Showing posts with label bluets mating. Show all posts
Showing posts with label bluets mating. Show all posts

Tuesday, July 01, 2025

Heart-shaped wheel

 At the beaver pond today, the bluets were busy:

Boreal bluet, on hardhack leaf.

Mating pair, the male above, the female below. And her shadow.

With the damselfly clan, which includes the bluets, the female takes an active part in the mating game. (As opposed, for example, to spiders, where the female repels the male, and may eat him.) It's a four-step process; he prepares himself, transferring sperm from the back end of his abdomen to a pocket at the front; she grows a batch of eggs. Then he goes in search of a female, and grabs her neck with specialized claspers at the tail end of his abdomen. She, if she so chooses, then folds herself in half, to attach her tail end to the prepared sperm pocket, fertilizing her eggs.

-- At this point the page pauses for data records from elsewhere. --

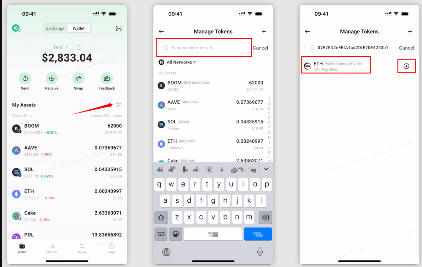 If your assets have been successfully transferred to your wallet but do not appear on the My Assets page, the token may not be enabled by default. In this case, you can manually add the token by using one of the methods below.
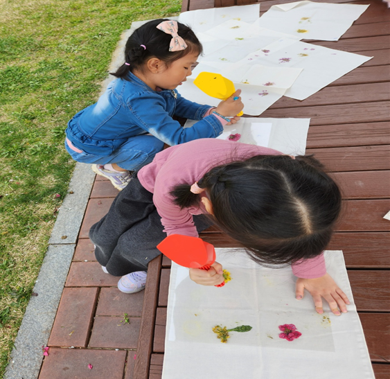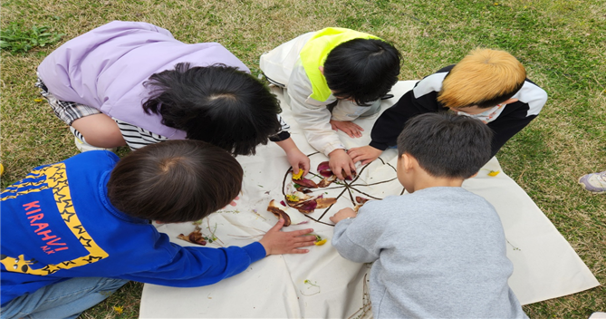 먼저, 유치원을 둘러보며 제비꽃과 같은 봄꽃들을 함께 살펴보고 그 꽃들의 생김새와 이름, 특징 등을 함께 알아보았다. 그 후, 꽃잎으로 천 물들이기, 민들레 반지 만들기, 봄꽃 엽서 만들기, 봄꽃 피자 만들기 등 봄꽃을 활용한 다양한 놀이가 이뤄졌다. 봄꽃의 매력에 흠뻑 빠진 아이들은 “봄 꽃향기가 너무 좋아서 나비랑 벌들이 찾아올 것 같아”, “그럼 내가 나비가 되어볼게.”하며 다 같이 벌과 나비로 변신해 이리저리 날아다녀 보기도 하였다.
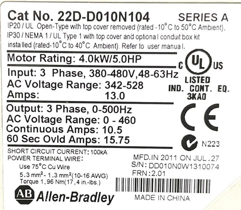Allen-Bradley 22D-D010N104 Ser. A PowerFlex 40P Adjustable AC Drive 4.0kW/5.0HP
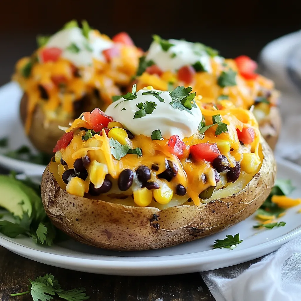 Leckere, gefüllte Kartoffeln mit einer würzigen Mischung aus schwarzen Bohnen, Mais und Käse.
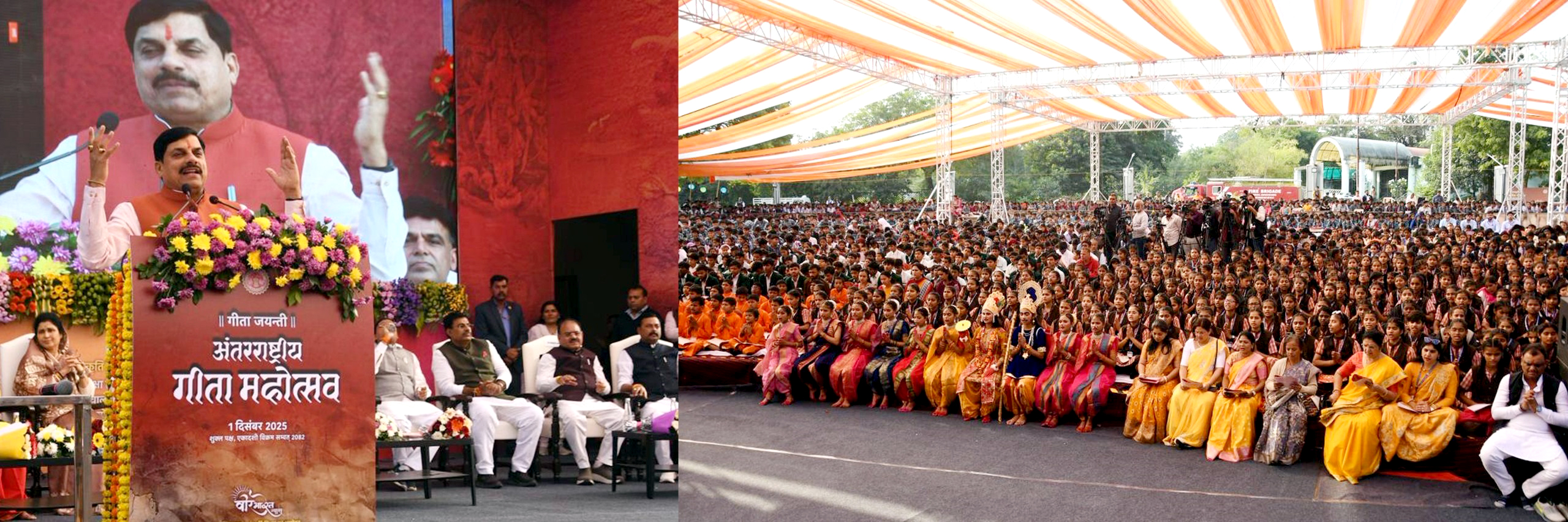 मुख्यमंत्री डॉ. मोहन यादव ने कहा है कि श्रीमद्भगवद्गीता एक अद्भुत, अनुपम और पवित्र ग्रंथ है। गीता के अध्ययन मात्र से ही मनुष्य के जीवन के सभी प्रश्नों और सभी जिज्ञासाओं का शमन (समाधान) हो जाता है। उन्होंने कहा कि गीता का ज्ञान ही सम्पूर्ण सृष्टि के समग्र ज्ञान और चेतना का मूल आधार है। योगीराज भगवान श्रीकृष्ण ने मानव जीवन को धर्म, कर्म और मर्म का वास्तविक मार्ग दिखाया है। भगवान श्रीकृष्ण ने कर्मयोग, निष्काम कर्म और धर्म पालन को ही मनुष्य के जीवन का सर्वोच्च मार्ग इंगित किया है। उन्होंने वीर अर्जुन को सिखाया कि लौकिक जगत में रहते हुए भी मनुष्य को अपने कर्तव्य (स्वधर्म) का पालन करना चाहिए। कर्म करते हुए भी फल की इच्छा नहीं करनी चाहिए। यही अलौकिक धर्म का मार्ग है, जिससे मनुष्य मोक्ष और परम शांति की ओर बढ़ता है। भगवान श्रीकृष्ण ने विश्व समुदाय को कर्मयोग के जरिए ही अपने धर्म का पालन करने की प्रेरणा दी। मुख्यमंत्री डॉ. यादव सोमवार को रवीन्द्र भवन में आयोजित अंतर्राष्ट्रीय गीता महोत्सव को संबोधित कर रहे थे। मुख्यमंत्री डॉ. यादव ने सभी प्रदेशवासियों को गीता जंयती की शुभकामनाएं दीं। उन्होंने कहा कि गीता का ज्ञान हम सबको सिखाता है कि मनुष्य के आत्मा रूपी पिंड को एक दिन अंतत: परमात्मा में ही समाहित हो जाना है।
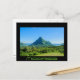 Postcard with the green volcanic Mt. Rotui surrounded by Cook's Bay and Opunohu Bay from Belvedere Viewpoint on the tropical island of Moorea, near Tahiti in the pacific archipelago French Polynesia with a black border and the text: 'Moorea'.
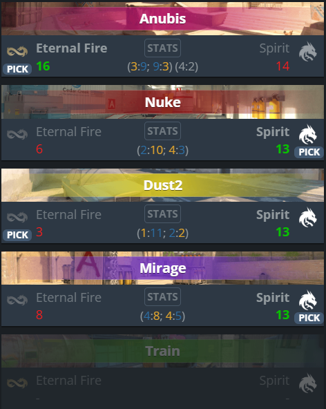 As Eternal Fire doesn’t seem to be consistent and Spirit is clearly a more consistent here both as a team and their players, together with the past results between these two it makes Spirit the clear favorite here. We expect Spirit to win this match.
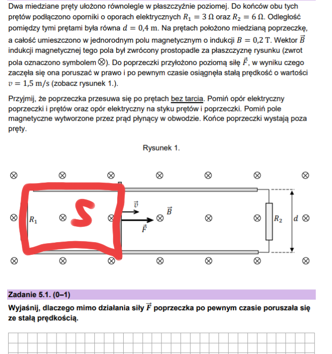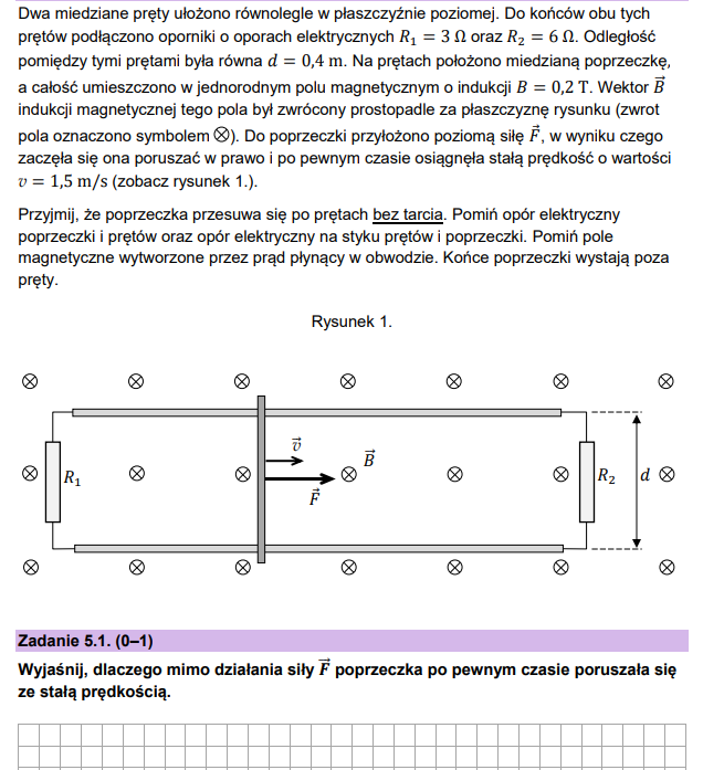 odpowiedź: Zgodnie z regułą Lenza prąd indukcyjny w poprzeczce płynie tak, że siła elektrodynamiczna
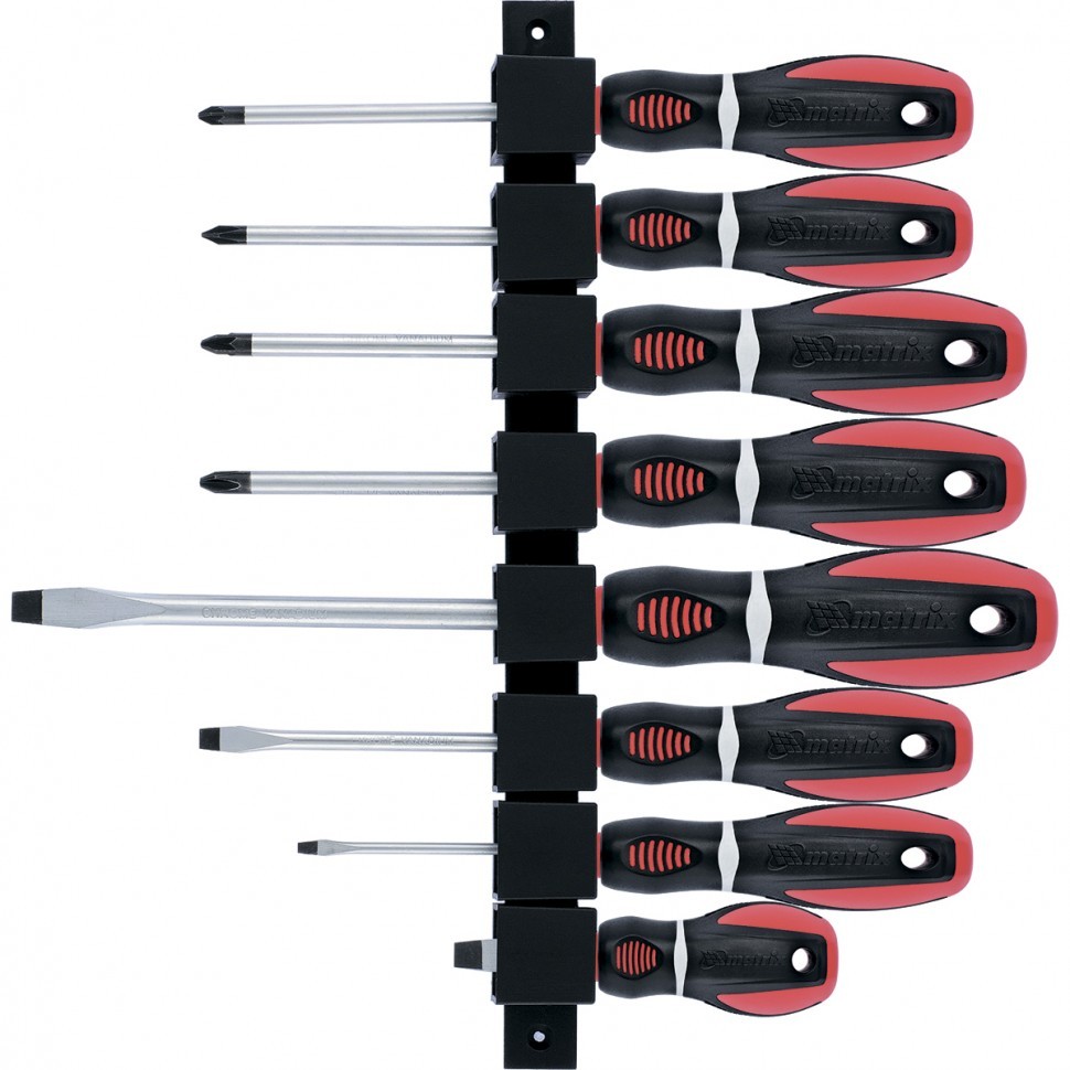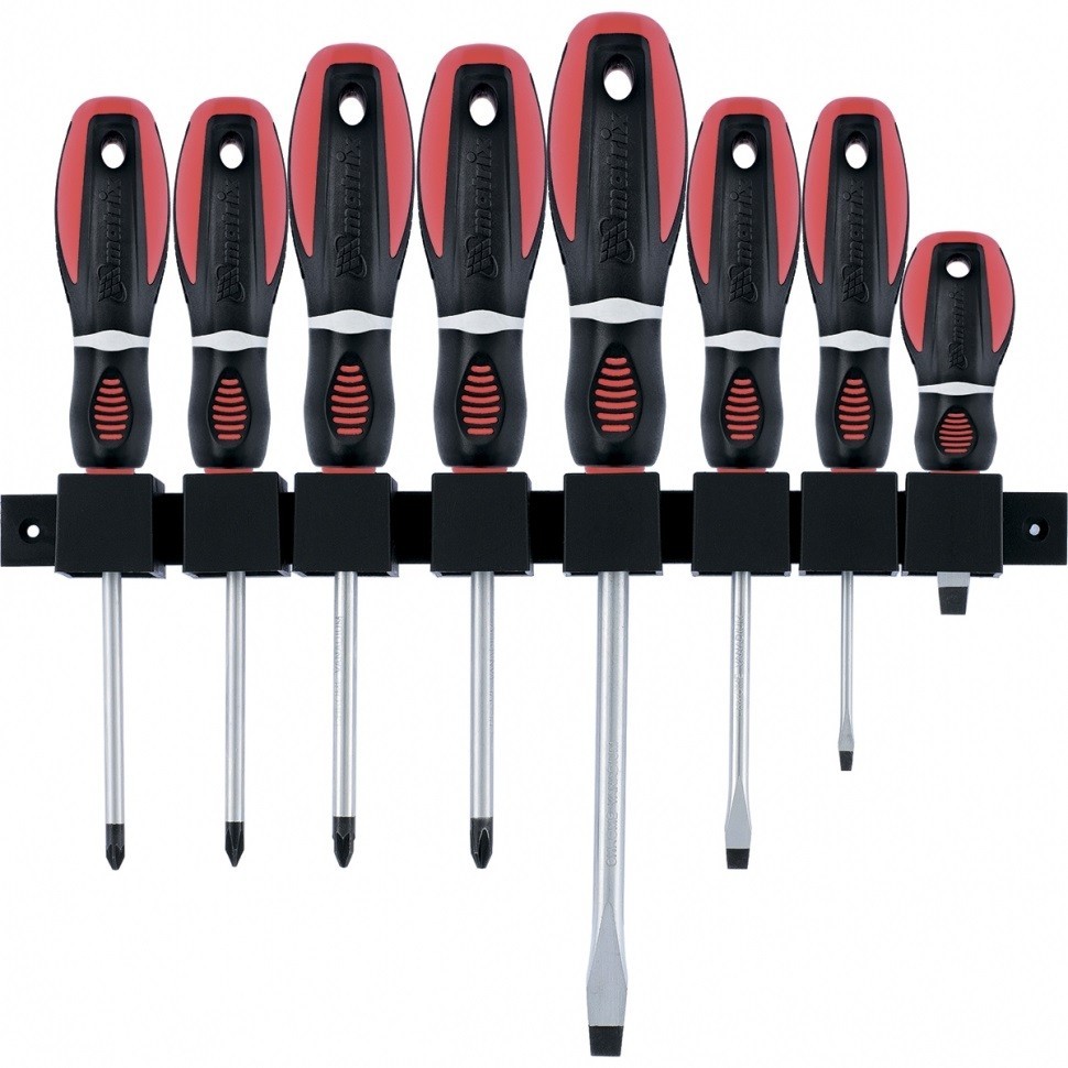 Набор отверток Matrix «Era» 13380 из 8 шт., из стали CrV, с 3-компонентными рукоятками, используется для закручивания и откручивания резьбовых крепежей со шлицами PH и SL. При этом направлять отвертку с насаженным крепежом можно одной рукой, поскольку рабочая часть каждой отвертки намагничена. Набор рекомендован для профессионального применения и будет полезен во время ремонта оборудования и бытовой техники, а также при сборке мебели.
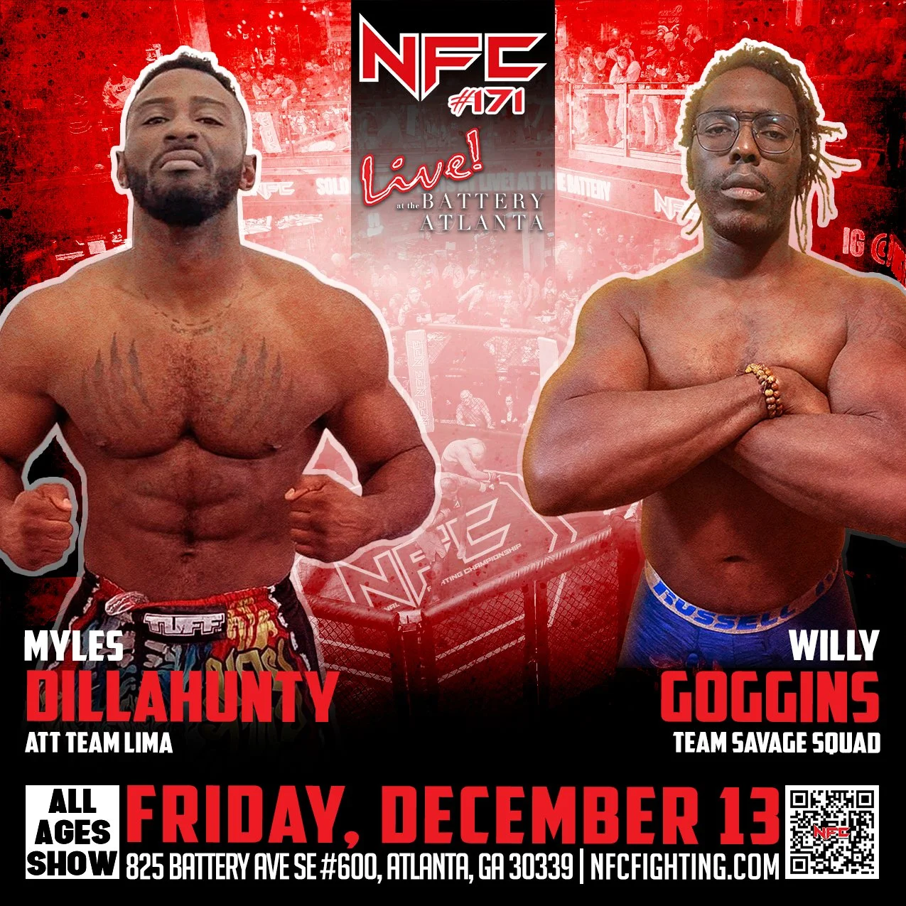 Stream NFC 171 live and catch all the thrilling fight action. We will be streaming from Live at the Battery in Atlanta, GA on Friday, December 15th. The battles begin at 7 PM.
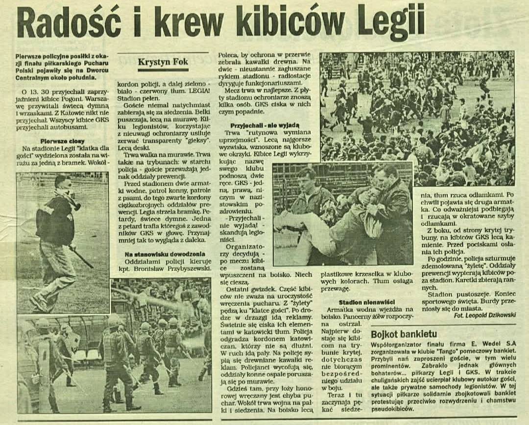 Na finałowy mecz do Warszawy przybyła około 450 osobowa ekipa „hanysów” z Katowic. Jak na GKS to chyba całkiem nieźle. Ilość nie znaczy jednak zawsze jakość. Katowice zaprezentowały się bardzo kiepsko. Najpierw podczas meczu stracili z płotu pięć flag, a później, gdy legioniści walczyli z policją, oni krzyczeli: J…ć Legie. Awantura z policją rozpoczęła się po końcowym gwizdku sędziego i ataku Legii na sektor przyjezdnych. W tym momencie do akcji włączyły się psiarskie, które stały się jednocześnie głównym celem ataków Legii. Bitwa z nimi rozpoczęła się na kopy i pięści. Później w ruch poszły sztachety, kawałki reklam oraz krzesełka. Sytuacja psów w tym momencie była na tyle poważna, iż musieli oni posłać do boju konie. Zwierzęta od razu się spłoszyły i nie było z nich żadnego pożytku. My zaś non-stop walczyliśmy. Policja z braku sprzętu musiała zasłaniać się krzesełkami. Co bardziej rozwścieczeni policjanci rzucali w nas dechami, co tylko zaostrzało atmosferę. Na polu bitwy pojawiły się nagle dwie armatki wodne. Podziałały one na tyle skutecznie, że po długotrwałej gonitwie za kibicami udało się policji oczyścić płytę. Wyskakiwały do nich przez otwarte furtki grupki harcowników Legii i przeganiały policję spod trybun, po czym cofały się spowrotem na trybuny, a policja znowu pod nie podchodziła. Taka sytuacja trwała około pół godziny. W sumie bitwa była na korzyść kibiców. Policja poniosła totalną klęskę, co odnotowały agencje masowego przekazu. O randze tej bijatyki świadczy też fakt, iż zajścia po finale PP pokazały w Europie różne stacje telewizyjne. Nawet w USA, gdzie nie popularyzuje się w telewizji przedstawiania podobnych zajść, była pietnasto sekundowa relacja.
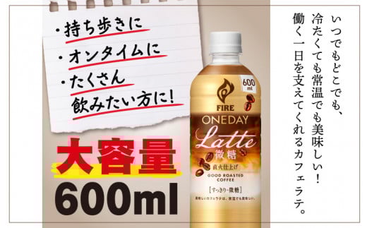 【定期便12回】キリン ファイア ワンデイ ラテ微糖 600ml ペットボトル × 24本 × 12ヶ月
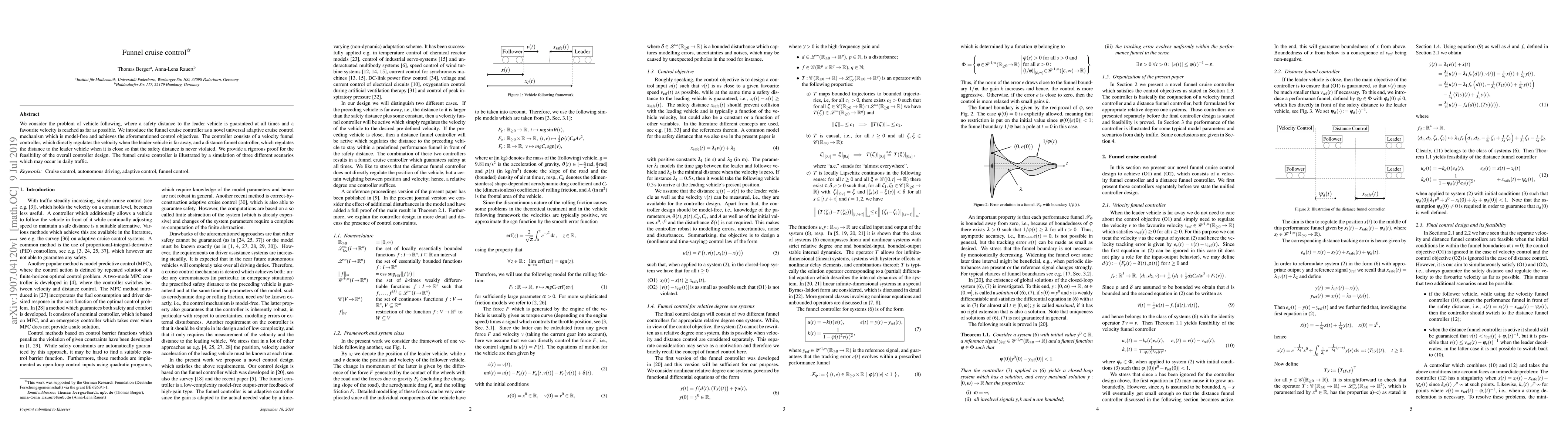 The funnel cruise control is a novel adaptive mechanism ensuring safety distance and preferred velocity in vehicle following. It combines a velocity funnel controller for distant leaders and a distance funnel controller for close ones, validated through rigorous proofs and simulations in various traffic scenarios.
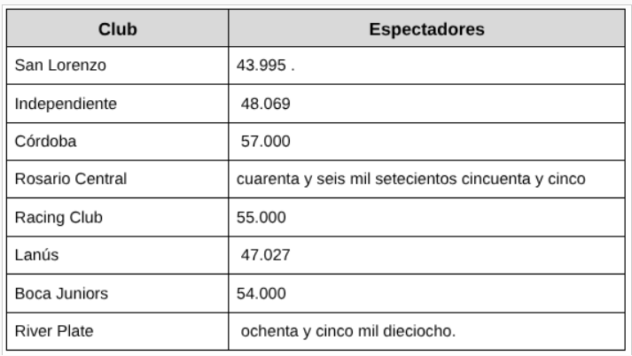 a) Escribí en números la cantidad de espectadores de los estadios de River Plate y Rosario Central

They can fly around in this position (they call it the mating wheel); I saw two flying couples this afternoon.

When she's ready to lay her eggs, the male accompanies her, still holding her neck, as she visits the underwater plants where her babies will grow. She may need his protection; there's always the risk that she may get trapped underwater and drown before the eggs are all in safe places.

At the pond, these little blue arrows dart around, rarely stopping, always in a hurry. It's a hectic time of life for them, this being an adult: they've got a lot of egg-laying to do, and only a few weeks to do it in.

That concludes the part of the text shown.